A survey of more than 11,000 respondents from 40 organizations found that the idea that most employee resign due to poor management may be a myth. The real culprit appears to be job dissatisfaction resulting from a lack of training, motivation, and sufficient challenge. The survey, released by Insync, also found that businesses can save nearly $300,000 per year by reducing turnover to 5 percent (at an average salary of $75,000). Additionally, it reported that most business could potentially change 80 percent of their staff turnovers with the proper techniques.
“There’s been this myth that employees often leave their boss, not their employer, and we’ve heard that many times,” said Insync Chief Executive Nicholas Barnett. “But we’ve wanted to dig a little bit deeper, to look at what an employee says are important reasons around their resignation. When we do that, we find something else.”

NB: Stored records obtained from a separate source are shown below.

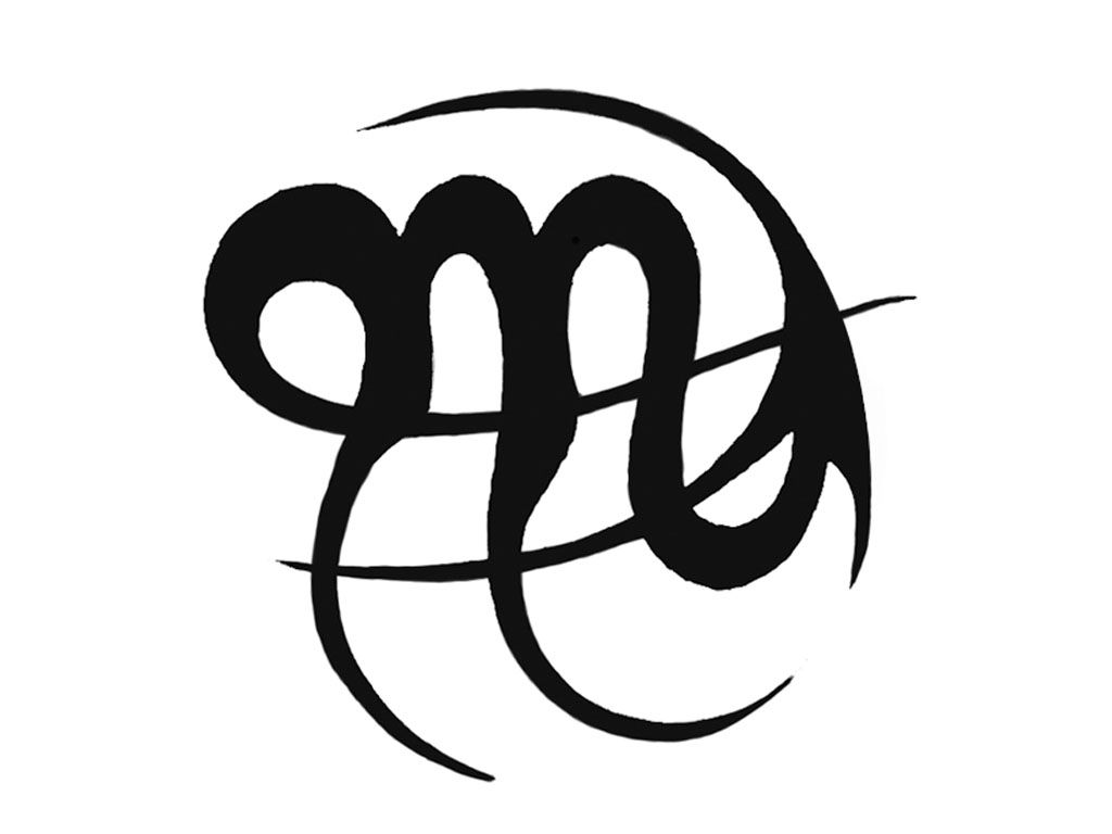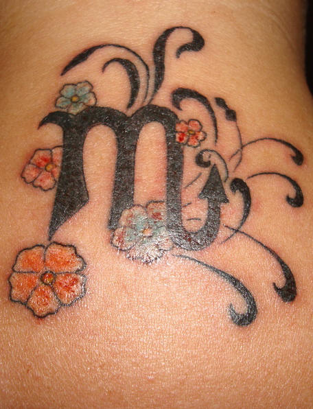 Символом созвездия Скорпиона принято считать букву «m», которая изображается с поднятой вверх или направленной вниз стрелой. Эскиз такого характера оформляется в виде одиночного рисунка или в качестве дополнения более сложных композиций. Татуировка символ отличается небольшими размерами, что позволяет наносить её на любую часть тела и может по желанию дополняться абстрактными рисунками, геометрическими фигурами, флористическими элементами, звёздами и другими деталями.![]()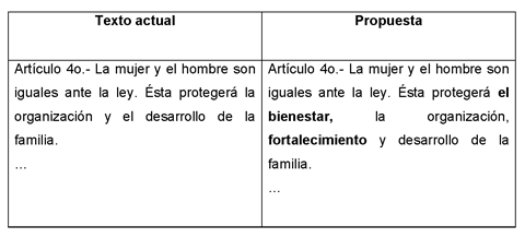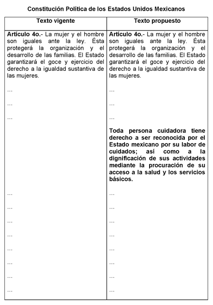 A continuación, el cuadro comparativo mediante el que se permite identificar fácilmente la propuesta de reforma al texto constitucional en materia de derechos de las personas cuidadoras.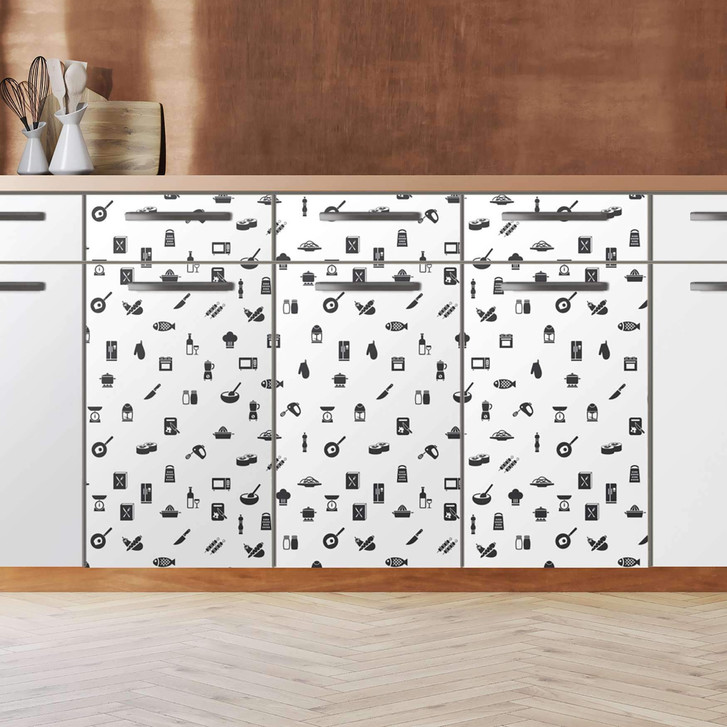 Unsere Küchenfolie Tasty (120cm Breite - entspricht der Breite von 3 Türen) für den Unterschrank ist der Blickfang in jeder Küche. Die Küchenfolien sind hochwertige, selbsthaftende Vinylfolien (seidenmatt) und können auf das gewünschte Mass zugeschnitten werden – je nachdem ob die Türkante umklebt werden soll oder nicht.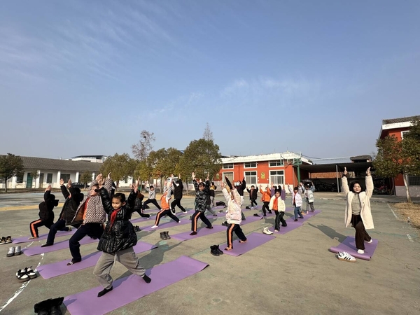 新闻中心讯(通讯员 邢者 李洋洋)“请同学们将左脚向前迈出一大步,成弓步姿势,右腿伸直,双手向上举起,手掌在头顶合十……”1月10日上午,天门市多祥镇第二小学的操场上,一群孩子跟着老师在崭新的瑜伽垫上学习瑜伽,这些瑜伽垫都是德赢官网Vwin公共课部的5位老师捐赠的,此外,还捐赠了跳绳、体适能器材、篮球、足球、排球等共计100余件体育用品。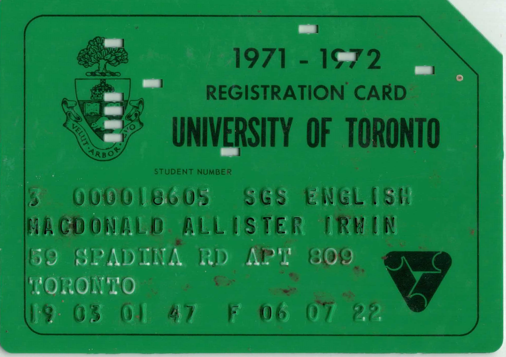 | Tags: | University of Toronto, Allister I. MacDonald, Allister MacDonald Fonds, student card, card, Toronto |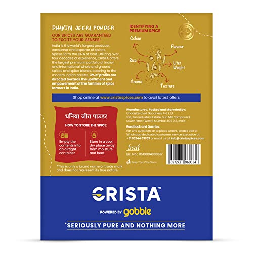 Hey! Its me Dhaniya Jeera Powder. Proud of: My secret ratio of Cumin and Coriander. Premium grade bold brownish-grey Cumin (Jeera) is sourced from the farms of Gujarat. Utmost care is taken in procuring sortex grade for this spice. Premium grade bold sweety-aromatic Coriander (Dhaniya) is sourced from the farms of Rajasthan. Utmost care is taken in procuring the right greenish-yellow colour and liter weight of the spice. Once sourced the spices are transported to the factory where the seeds are processed and cleaned before being freshly machine ground into a powder using a time-tested ratio of coriander and cumin passed down over generations. The whole spices are ground using our sophisticated hammer crushers and micro pulverisers. The final step is mixing in an automatic GMP blender to achieve the desired texture and consistency.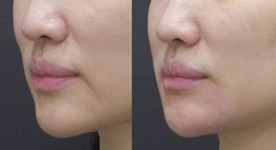 客人已經觀察自己的臉一陣子了,總是覺得嘴角兩旁有凸出贅肉;他先在別家做了索夫波,但感覺沒有改善,而後來到我的門診求助。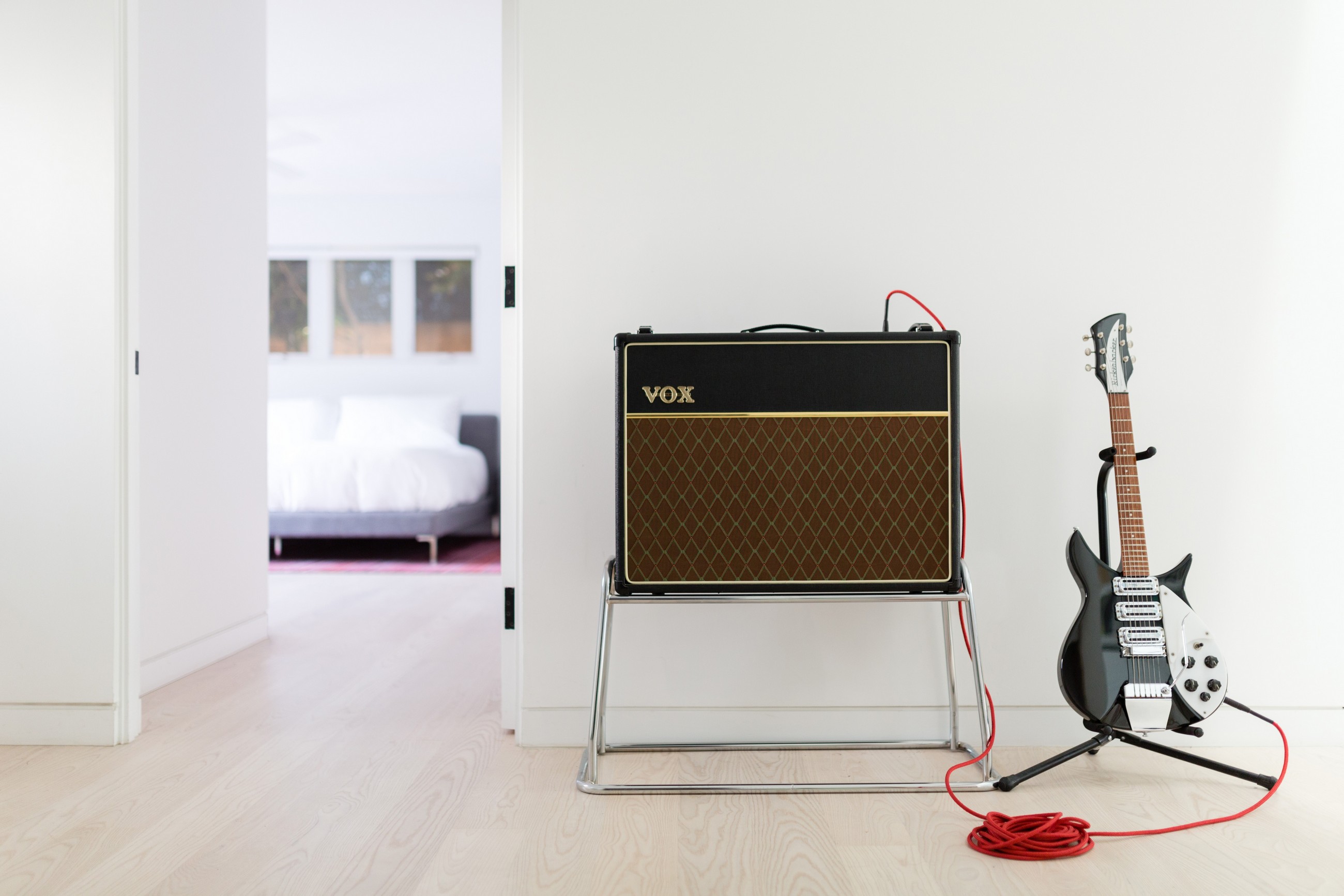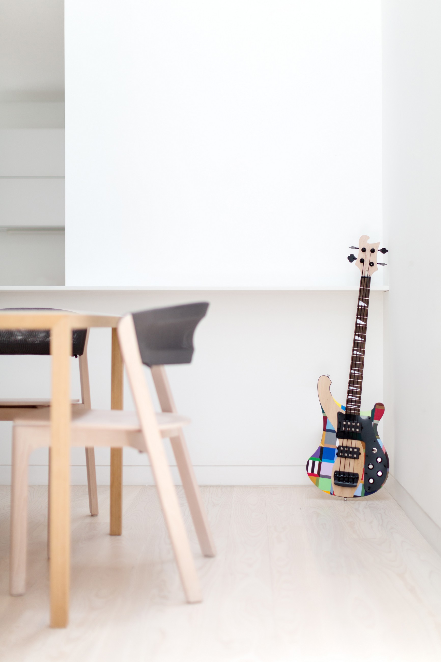 Directly across the living room is the dining area featuring a neutral color palette to maintain visual balance between spaces. The sleek, blonde‐wood dining table is topped with white DuPont Corian to allow easy cleaning. The blonde‐wood‐framed chairs include black, 3‐D knitted anthracite‐mesh backs to provide extreme comfort and stacking ability. Nestled in the corner is Brunn’s bass guitar that he adorned with the same flag patterns as the painting. The furniture in both the living and dining rooms is minimal, to keep the space open and uncluttered.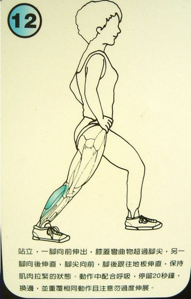 ▼12.站立,一腳向前伸出,膝蓋彎曲勿超過腳尖,另一個腳向後伸直,腳尖向前,腳後跟往地板伸直,保持肌肉拉緊的狀態。動作中配合呼吸,停留 20 秒鐘,換邊,並重覆相同動作且注意勿過度伸展。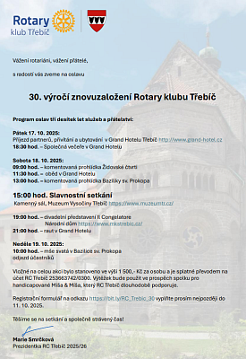 It has now been 30 years since the Rotary Club of Třebíč was re-established. During this time, we have achieved much that has benefited those in need of our assistance - be it support for people with disabilities or the encouragement of young students. Our 30th anniversary celebration is a rare opportunity to look back and reflect on our history.

The primary reasons for leaving, according to the survey, were lack of job satisfaction (37 percent), lack of career opportunities (35 percent), a better opportunity elsewhere (34 percent), unspecified personal reasons (33 percent). Nearly 50 percent of women cited work-life balance issues as a major motivator for resigning compared to 40 percent of men. Work-life balance was also the primary motivator for resigning in the Generation-Y sector.
“Our research has found employees leave primarily due to the job itself and not for reasons such as pay and conditions or relationships with managers or peers. If a job is inherently unfulfilling or unsatisfying it’s highly likely that employees will look elsewhere for other opportunities, no matter what incentives are in place,” Barnett said.